TASK DIRECTIONS: All lines of the material that contain "with" must be copied out.

EXERCISE INPUT:
---*---
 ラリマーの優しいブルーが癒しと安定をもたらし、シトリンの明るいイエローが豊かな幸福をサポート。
---*---
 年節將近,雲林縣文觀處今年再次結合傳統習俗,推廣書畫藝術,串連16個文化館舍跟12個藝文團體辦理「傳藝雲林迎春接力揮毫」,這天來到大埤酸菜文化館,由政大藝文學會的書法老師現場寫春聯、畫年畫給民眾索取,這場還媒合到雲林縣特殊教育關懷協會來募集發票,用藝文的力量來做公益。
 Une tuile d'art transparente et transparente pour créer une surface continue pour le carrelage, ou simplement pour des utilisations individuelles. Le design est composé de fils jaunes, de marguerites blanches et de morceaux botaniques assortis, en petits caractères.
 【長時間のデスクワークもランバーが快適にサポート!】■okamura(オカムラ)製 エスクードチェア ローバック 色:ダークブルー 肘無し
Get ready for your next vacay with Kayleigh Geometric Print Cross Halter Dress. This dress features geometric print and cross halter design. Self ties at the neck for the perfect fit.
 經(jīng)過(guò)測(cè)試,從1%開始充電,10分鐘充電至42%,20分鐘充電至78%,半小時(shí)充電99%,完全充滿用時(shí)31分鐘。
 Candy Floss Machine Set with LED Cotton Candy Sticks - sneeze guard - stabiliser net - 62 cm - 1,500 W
---*---
WRITTEN SOLUTION:
Get ready for your next vacay with Kayleigh Geometric Print Cross Halter Dress. This dress features geometric print and cross halter design. Self ties at the neck for the perfect fit.
 Candy Floss Machine Set with LED Cotton Candy Sticks - sneeze guard - stabiliser net - 62 cm - 1,500 W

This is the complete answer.